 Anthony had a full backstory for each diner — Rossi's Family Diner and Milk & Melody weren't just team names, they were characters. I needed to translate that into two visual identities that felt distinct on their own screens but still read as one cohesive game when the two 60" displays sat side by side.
- - -
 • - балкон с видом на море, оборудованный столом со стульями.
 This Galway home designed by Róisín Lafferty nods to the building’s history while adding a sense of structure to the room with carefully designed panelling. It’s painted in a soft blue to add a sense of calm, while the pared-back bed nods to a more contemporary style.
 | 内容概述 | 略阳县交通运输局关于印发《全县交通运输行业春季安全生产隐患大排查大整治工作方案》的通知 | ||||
- - -
- Requirement
Look above for the line holding "столом со стульями." and the line holding "略阳县交通运输局关于印发《全县交通运输行业春季安全生产隐患大排查大整治工作方案》的通知 | ||||", then output exactly those two lines and every line between them, nothing more.

- Solution for this problem
 • - балкон с видом на море, оборудованный столом со стульями.
 This Galway home designed by Róisín Lafferty nods to the building’s history while adding a sense of structure to the room with carefully designed panelling. It’s painted in a soft blue to add a sense of calm, while the pared-back bed nods to a more contemporary style.
 | 内容概述 | 略阳县交通运输局关于印发《全县交通运输行业春季安全生产隐患大排查大整治工作方案》的通知 | ||||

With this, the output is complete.